Business Analytics: Why Not Experiment?

I recently came across a couple good articles on business experimentation from my meanderings of more than 30 LinkedIn group discussions. Randomized experiments or related quasi-experimental designs for measurement are now part and parcel of evidence-based business. Indeed, whether you refer to the focus as data-driven, super-crunching or big data analytics, central to them all are large data sets, statistics/machine learning algorithms and sophisticated designs.

Writing in the European Business Review, Harvard Business School professor Stefan Thomke derides what he sees as the current obsession with cost-side optimization and standardization — “Six Sigmaing” — which he feels may ultimately come back to haunt practicing companies:

“Such organizations leave themselves vulnerable to underinvesting in experimentation and variation, which are the lifeblood of innovation … And it is only through such experimentation, which might include structured cause-and-effect tests, informal trial-and-error experiments, and rigorous randomized field trials, that companies can unlock their true capacity for innovation.”

The poster children for the innovation problem, according to Thomke, are 3M and now-departed CEO W. James McNerney Jr., who built a Six Sigma reputation at General Electric. Under McNerney’s leadership and process improvement prioritization, 3M started losing its innovation edge, with new product revenue dropping from 33 to 25 percent of sales.

If Six Sigma is preoccupied with the cost side of P&L, then innovation and experimentation are more concerned with revenue. Thomke argues that in a downturn such as the world economy has recently experienced, it’s important to step on the innovation accelerator — “those companies that maintain their experimentation when business is slow will be all the more prepared when the market eventually picks up.”

For Thomke, innovation requires experimentation, since in the complex business world, passive observation and exploration are generally not enough to discern complex environments and linkages among variables. Properly designed and implemented experiments, on the other hand, can shed light on important causal relationships. For example, “randomized field trials can help companies determine whether specific changes, such as a new layout for a chain of retail stores, will lead to improved performance (a significant bump in sales).” And medical researchers can determine the efficacy of a new treatment by executing a trial that randomly assigns patients to treatment/control groups and comparing outcome measures.

Even properly executed experiments — those with high internal validity — can still suffer from external validity shortcomings if the sample isn’t representative of the larger population or the findings don’t generalize beyond the specific experimental settings.

The good news for business innovators is that experimentation has never been cheaper. Many B2C companies design, implement and analyze thousands of experiments weekly, fueled by Internet access to customers and inexpensive technologies. Amazon and Google users participate in trials almost every time they log in.

Thomke's doctrine appears not to have been lost on 3M replacement CEO George Buckley, who countermanded many of his predecessor’s dictums, increasing the R&D budget and unshackling the research scientists, tellingly stating: “Invention is by its very nature a disorderly process ... You can’t put a Six Sigma process into that area and say, well, I’m getting behind on invention, so I’m going to schedule myself for three good ideas on Wednesday and two on Friday.
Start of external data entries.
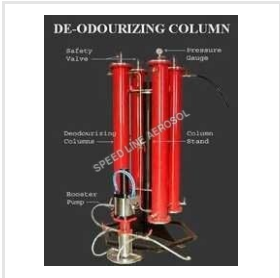
Industrial De Odourizing Columns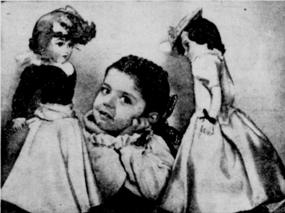
NOW THIS IS GOING TOO FAR . . . All right, so the revolution is upon us; the long skirt is here to stay and no one can do anything about it. But when fashion designers carry their insidious plot to the extent of emmeshing innocent children in their toils—that's just too much. The dread secret came out at the American Toy institute show in New York: Even dolls are wearing wasp-waisted, long-skirted outfits now.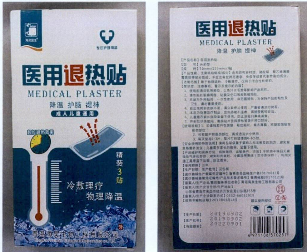
Figure 1. Unregistered Medical Plaster (in foreign characters)

The Food and Drug Administration (FDA) warns all healthcare professionals and the general public NOT TO PURCHASE AND USE the following unregistered medical device products in foreign characters: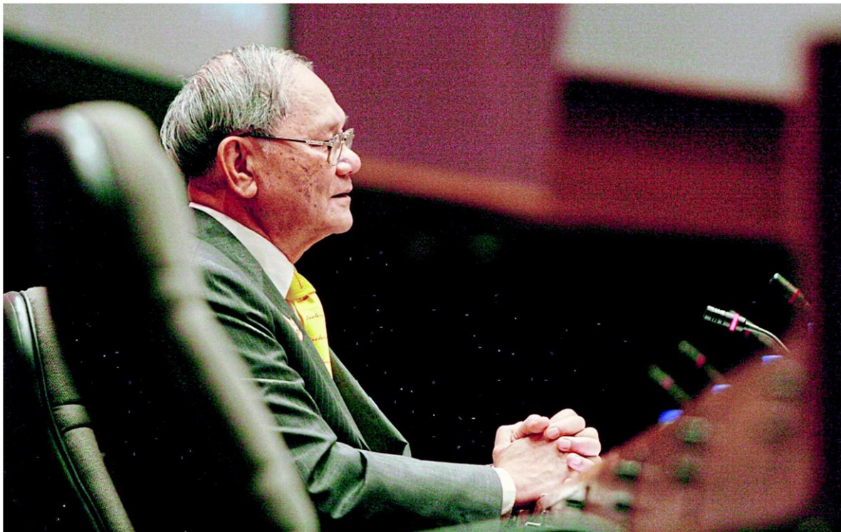
Senior legal adviser Meechai Ruchupan, left, is a leading candidate to become chairman of the new charter drafting body. The legal expert has close ties with Bowornsak Uwanno, bottom left, chairman of the original Charter Drafting Committee and Deputy Prime Minister Wissanu Krea-ngam, bottom right.

That’s not how creativity works.”

Behavioral economist Dan Ariely is frustrated with business reluctance to experiment as well: “I’ve often tried to help companies do experiments, and usually I fail spectacularly,” he notes, citing personal unfulfilled consultations in marketing and HR.

Ariely offers two psychological explanations for organizational apprehension over experimentation. First, adoption of the experimental method mandates that business trade off short-term losses for the potential of longer-term gains. And that’s only the potential for gain. The experimental mentality means accepting that you’ll often fail – and of course retain management support in the process. In the what-have-you-done-for-me-this-quarter mentality, that accommodation may not fly.  

Second is the sense of security – or maybe just cognitive dissonance – that derives from having highly-paid experts make strategic choices. Historically, companies have been much more comfortable adopting the recommendations of experts over those of cold analytics. I suspect experts have been more comfortable with that situation as well!

But that’s changing. Some of the business consultants I’ve worked with in the past and watched pooh-pooh analytics are now on the bandwagon. The major strategy and business consultancies are aggressively establishing big data and analytics practices. And the notion that analytics trumps experts for many predictive decisions is almost universally accepted now, even if grudgingly by some. This is assuredly good news for business.